New York. The place where dreams come true. The Statue of Liberty. The Empire State Building. Central Park. 
As the limousine pulled up in front of the Metropolitan Museum of Art, a sea of reporters and cameras flooded the sidewalk, all desperate to catch a glimpse of the young King of Cordonia. 
He'd arrived in New York earlier that day to spend the next two weeks on a goodwill tour, courtesy of his PR team. He'd already spent several days in Washington, DC, before stopping by a few other major US cities. New York City was the grand finale. 
King Liam stepped out of the limousine, his personal security flanking him, and walked into the throng of reporters. He was met with a barrage of flashing cameras, blinding him. His bodyguards tried their best to hold the crowd back. 

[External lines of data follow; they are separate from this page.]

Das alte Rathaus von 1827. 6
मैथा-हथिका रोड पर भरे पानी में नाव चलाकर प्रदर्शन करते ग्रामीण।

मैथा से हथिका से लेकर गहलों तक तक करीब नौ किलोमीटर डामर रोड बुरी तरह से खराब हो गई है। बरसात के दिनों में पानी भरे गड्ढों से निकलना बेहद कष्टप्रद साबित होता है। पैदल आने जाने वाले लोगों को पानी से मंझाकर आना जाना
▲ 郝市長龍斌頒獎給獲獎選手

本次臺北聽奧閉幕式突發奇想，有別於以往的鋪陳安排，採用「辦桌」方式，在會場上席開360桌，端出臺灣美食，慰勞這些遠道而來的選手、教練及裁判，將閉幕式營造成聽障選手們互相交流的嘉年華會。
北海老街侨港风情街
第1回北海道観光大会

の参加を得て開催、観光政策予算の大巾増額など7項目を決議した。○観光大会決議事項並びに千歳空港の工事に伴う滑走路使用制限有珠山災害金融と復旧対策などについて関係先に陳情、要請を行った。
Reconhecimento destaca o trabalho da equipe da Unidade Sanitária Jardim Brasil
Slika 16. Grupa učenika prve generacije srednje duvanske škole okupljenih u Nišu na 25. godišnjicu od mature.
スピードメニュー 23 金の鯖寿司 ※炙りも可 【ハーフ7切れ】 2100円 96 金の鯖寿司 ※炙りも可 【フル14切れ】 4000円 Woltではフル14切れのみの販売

"Your Majesty! Over here! Look over here, please!" 
Liam put on his most dazzling smile and waved, walking towards the doors, surrounded by the press. 
"What are you hoping to accomplish during your stay in New York?" 

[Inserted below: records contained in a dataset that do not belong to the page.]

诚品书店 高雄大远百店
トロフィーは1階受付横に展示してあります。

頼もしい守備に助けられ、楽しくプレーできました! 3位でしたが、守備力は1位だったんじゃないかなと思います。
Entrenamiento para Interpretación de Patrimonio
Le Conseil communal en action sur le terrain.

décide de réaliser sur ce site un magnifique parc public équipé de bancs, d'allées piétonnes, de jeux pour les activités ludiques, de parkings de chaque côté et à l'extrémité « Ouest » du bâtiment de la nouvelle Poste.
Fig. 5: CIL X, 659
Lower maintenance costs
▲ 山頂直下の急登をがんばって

"Who will be accompanying you?" 
"Do you have a message for the people of Cordonia?" 
"King Liam! What is the state of the relationship between your country and the US?" 
"Will you be making any important announcements soon?" 

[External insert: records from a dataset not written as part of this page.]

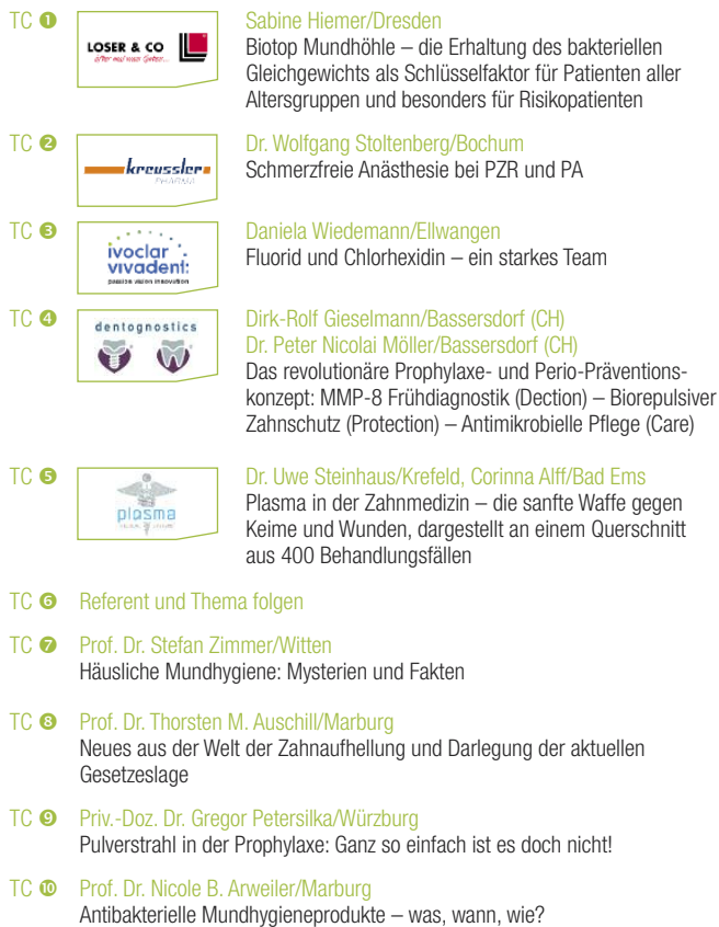
TABLE CLINICS (TC)

09.00 – 11.00 Uhr Wissenschaftliche Vorträge 11.00 – 15.20 Uhr Table Clinics 15.20 – 16.45 Uhr Wissenschaftliche Vorträge
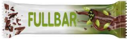
COCOA COATED BITTER FILLED WITH PISTACHIO PARTICULATE COCOLIN 60 GR
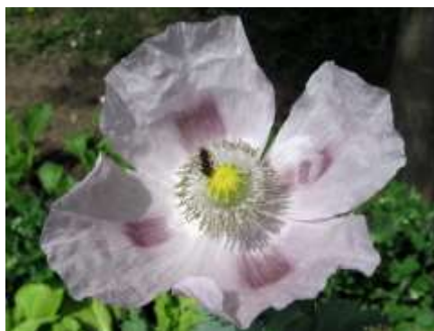
Slika 5.: Cvijet vrtnog maka

Cvjetovi su veliki, sastoje se od 2 lapa i 4 laticice čije boje mogu varirati, a pri dnu mogu imati tamne mrlje. U cvijetu se nalazi 150 – 250 prašnika koji čine pet koncentričnih krugova te jedan tučak. Svojstva cvjetova, tobolaca i sjemenki ovise o namjeni, npr. kod ukrasnog maka prisutan je veći broj laticice (Pospišil, 2013.). One su obično su bijele, iako boje mogu varirati od bijelo-crvenkaste do ljubičaste. Budući da do oplodnje može doći i prije otvaranja cvijeta, pretežito je samooplodan, no može biti i stranooplodan. Vrijeme cvatnje je od svibnja do kolovoza. Pojedinom cvijetu najčešće je potreban jedan dan da procvate. Najprije cvate cvijet na glavnoj stabljici, a zatim oni na bočnim granama (Pospišil, 2013.). Nakon otvaranja cvjetnog pupa, prašnici počinju sipati pelud koja pada na njušku tučka. Nakon oprašivanja cvijet počinje venuti, prašnici se osuše, a laticice naglo otpadaju.
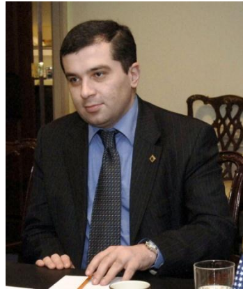
Davit Bakradze.

Gruzínská vláda oficiálně vyzvala relevantní mezinárodní organizace, aby do země vyslaly své monitorovací mise pro nadcházející prezidentské volby. Výzva byla směřována Organizaci pro bezpečnost a spolupráci v Evropě (OBSE), Radě Evropy, organizaci GUAM sdružující Gruzii, Ukrajinu, Ázerbájdžán a Moldavsko, a NATO. OBSE již svou účast potvrdila a v následujících týdnech pošle do Gruzie předběžnou hodnotící misi. Samotná pozorovatelská mise začne 6-8 týdnů před volbami. Termín voleb byl nakonec definitivně stanoven na 27. října.
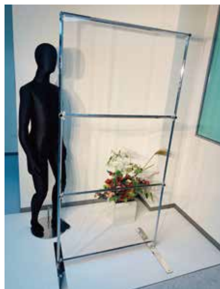
VP-14 透明パーテーション [20000] W910 D600 H1870 T25 板面:透明アクリルパネル フレーム:クロームメッキ
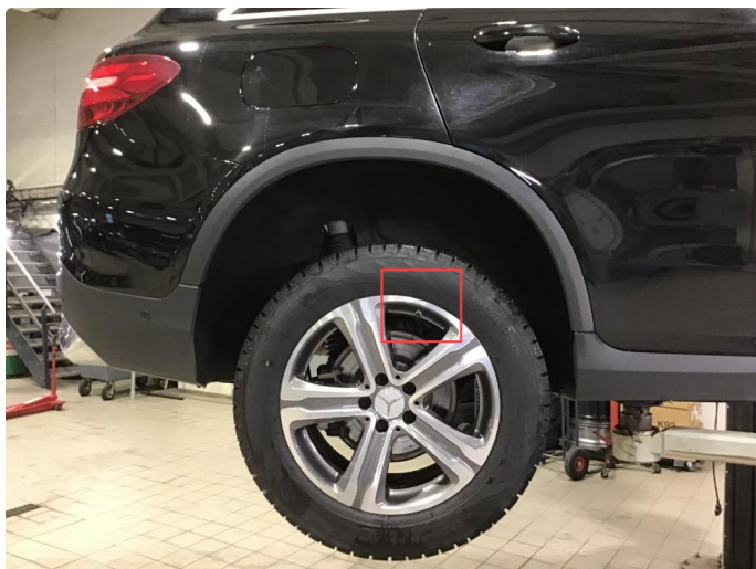
1.7 Noen bruksmerker på 1 vinterfelg.
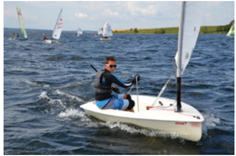
Zoom 8 jolle
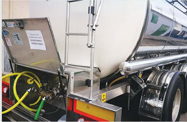
Un camión cisterna permaneció en la localidad.
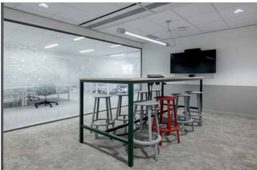
FOTO ONDER Op verschillende plekken zijn rode elementen te zien – zoals lampen, fauteuils, kleden en krukken – als symbool voor de patiënt.

FOTO BOVEN Huiskamer op een van de verdiepingen.
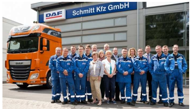
Team Firma Schmitt
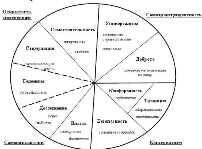
Рис. 6 Первичная оценка Личности пометодике Ш. Шварца 148

Первичное представление о Личности поможет составить тест ценности Шалом Шварца (Schwartz Shalom H.), разработанная в 1992 г. Она предназначена для измерения динамики ценностей в связи с изменениями в обществе, так и в связи с жизненными проблемами каждой личности. Под ценностями Ш. Шварц подразумевал «познанные потребности, непосредственно зависящие от культуры, среды, менталитета конкретного общества». В основе методики Ш. Шварца все ценности делятся на индивидуальные и социальные и их соотношение дает общую характеристику личности (рис.6.)
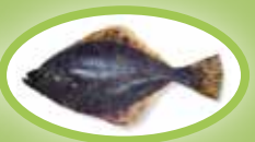
Bot - 20 cm
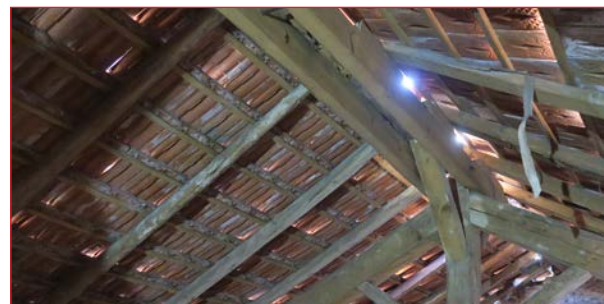
Vue des charpentes à rénover

Si les bénévoles ont à cœur de sauver le patrimoine de la grande brasserie et malterie vosgienne, c'est en pensant à l'avenir et à ceux qui reprendront les rênes de ce site industriel unique.
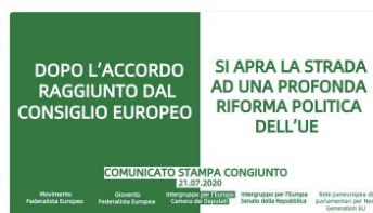
Comunicato stampa sull'accordo raggiunto dal Consiglio UE 21 Luglio 2020

Liam smiled politely at the reporters, but refused to comment on their questions. He reached the top of the steps leading into the museum, and stopped for a moment, taking in the view. It was a gorgeous, but chilly,  November day in New York. The trees had long since lost their leaves and were now a dark brown, contrasting with the gray skies above. The weather had forced most New Yorkers to stay indoors. 
Liam glanced at his watch. It was 10:45 am. 
"Your Majesty? The exhibit is waiting for you." One of the museum staff motioned him inside. 
Liam walked through the massive, imposing entrance doors and made his way through the crowd of museum visitors, down the marble-floored hallway, towards the room where the exhibit was waiting for him. 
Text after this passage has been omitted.